Task to carry out
Find the word "Bill" in the records below. List each line containing it.

Records for processing
+++

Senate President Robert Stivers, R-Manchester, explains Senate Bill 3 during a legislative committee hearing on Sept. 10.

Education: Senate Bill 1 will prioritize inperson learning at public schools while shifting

+++

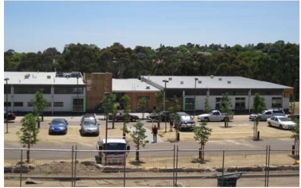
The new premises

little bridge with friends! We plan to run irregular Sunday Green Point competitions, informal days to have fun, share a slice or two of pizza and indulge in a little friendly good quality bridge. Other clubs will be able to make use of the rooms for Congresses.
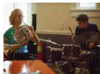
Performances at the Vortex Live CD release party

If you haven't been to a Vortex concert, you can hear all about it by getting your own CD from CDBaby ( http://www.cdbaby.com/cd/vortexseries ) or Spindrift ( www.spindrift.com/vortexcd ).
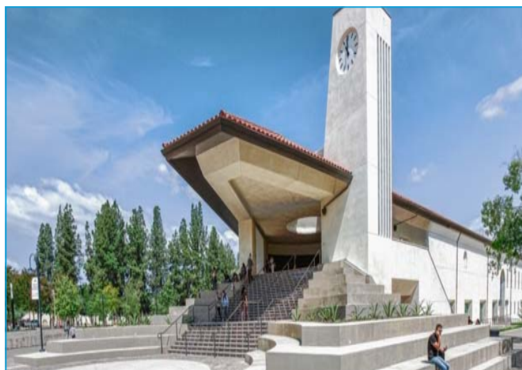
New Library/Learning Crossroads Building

+++

Answer area
Senate President Robert Stivers, R-Manchester, explains Senate Bill 3 during a legislative committee hearing on Sept. 10.
Education: Senate Bill 1 will prioritize inperson learning at public schools while shifting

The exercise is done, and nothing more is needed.